We had our 2 year old Jack Russell X neutered at 10 months and apart from the rare humping of a favourite toy, no issues. We have an 8 month old Jack Russell X female who is having her first season. She bled quite a bit for the first week or so, but now that that has stopped, our male dog won't leave her alone. She "invites" him to mate constantly and until yesterday he had mounted her a lot but never actually touching parts (if you know what I mean !). Yesterday, they actually got locked together and both seemed to panic. My husband and I held them gently together until they both relaxed and they came apart after about five minutes. Male dog gave quite a yelp when coming free but appears no harm done.
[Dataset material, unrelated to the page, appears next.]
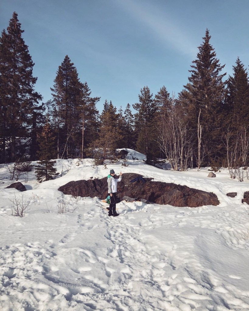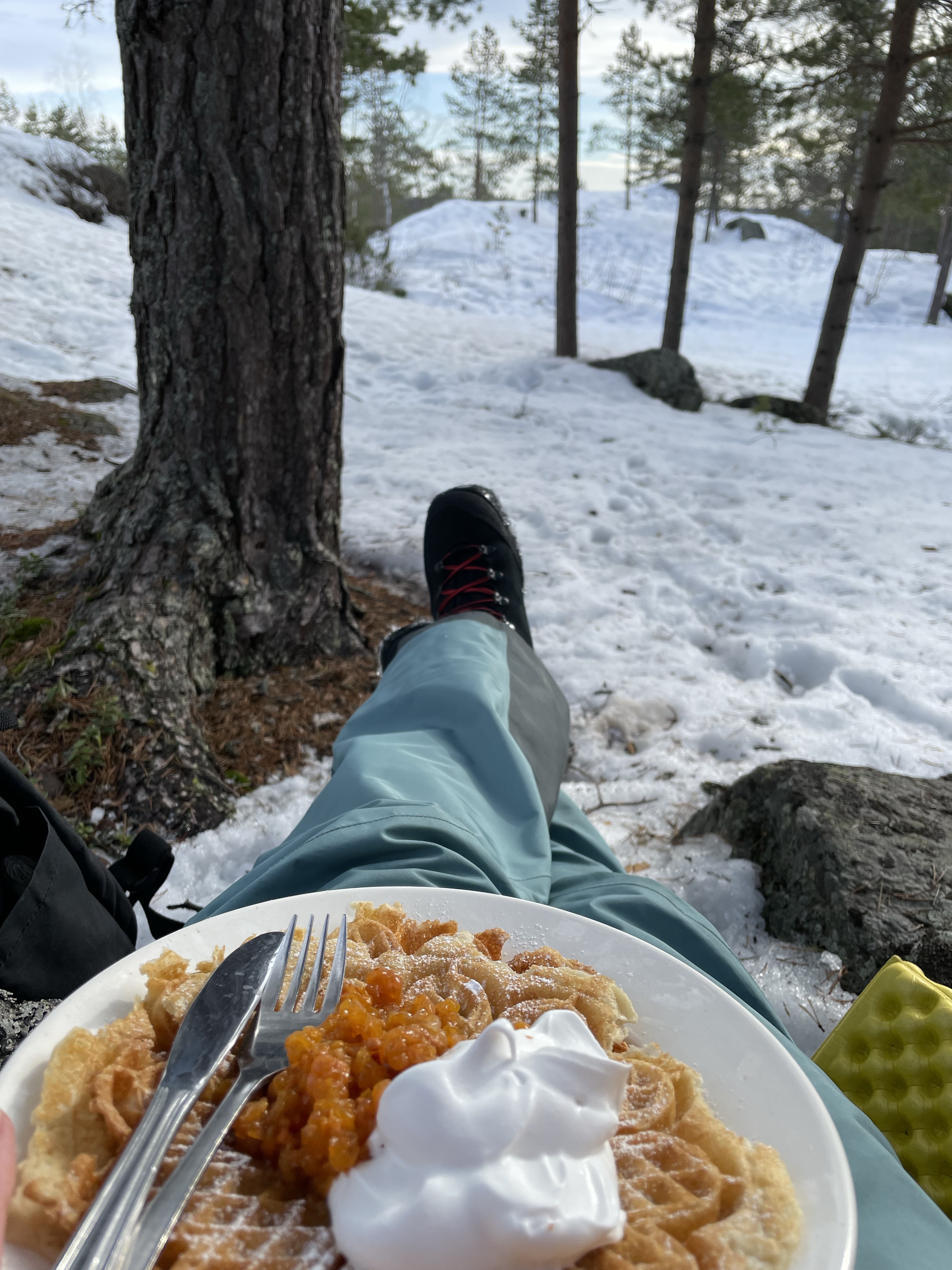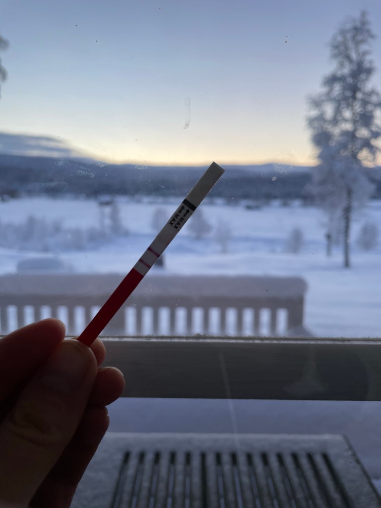 Vi åkte skidor och gjorde utflykter ändå, var i Talludden och lagade mat ute i -32 och det är nog det kallaste jag nånsin ätit ute i. Och ja, det var också här misstankarna började och ganska direkt blev konkretiserade. Jag hade klarat mig hela pandemin men till slut hade jag också två streck på en vit sticka… dock en annan typ av sticka. På min födelsedag! Vilken present.
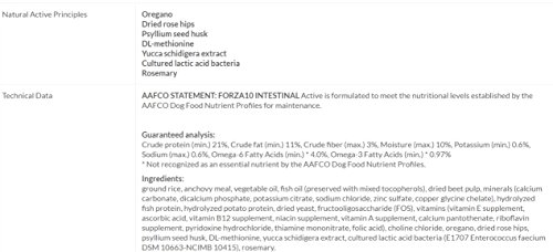The search for a healthy dog food that is effective against gastrointestinal disorders is over. Forza10 USA Intestinal Active is formulated by veterinarians for dogs with digestive issues. Whether you have a large, small, adult, or senior dog, this dry dog food will support the health of your dog's stomach and intestines while giving them the nutrition they need for overall health. Intestinal Active has a short ingredients list to keep the risk of food intolerances and allergic reactions as low as possible. It's grain-free, wheat-free, gluten-free, antibiotic-free, soy-free, corn-free, and non-GMO. You can trust the quality of ingredients in our food, as they meet all the nutritional levels established by AAFCO. Our Active Line of products has been made to solve the most common chronic or recurrent inflammations caused by adverse reactions to food. Forza10 uses wild-caught herring or anchovy in our pet food to bypass the risk of heavy metal contamination. This source of protein has the highest biological value and is easy on the digestive system. Our food has eliminated all possible sources of the antibiotic oxytetracycline, which can become toxic. It has been proven by veterinary and medical scientists to be the most frequent cause of inflammation in cats and dogs--and you won't find any of it in our food. This diet is also enriched by special heart-shaped tablets that carry a pool of specific natural extracts mixed with kibbles in a 7% ratio. Thanks to our Active Fresh System patented technology, these tablets are cold-pressed to preserve the efficacy of the herbal extracts inside them. Our kibble also uses a specific pool of medicinal plants chosen for their antitoxic, antioxidant, and immune-modulating properties to help support the overall health of man's best friend. Intestinal Active is perfect for all dogs and supports their gastrointestinal health. This nutraceutical dog food will help maintain the health of the digestive system.Feature

He left her alone for the rest of the day but were back at it this morning.

I hope I'm panicking unnecessarily as I don't want to see either of them hurt in any way and we will be spaying the female in a couple of months time.

Is this "normal" behaviour ?

Thanks !

Mandi


----------



## nickylowe40 (Apr 13, 2009)

hi, had exactly the same problem, you need to either keep them apart or have her doctored. 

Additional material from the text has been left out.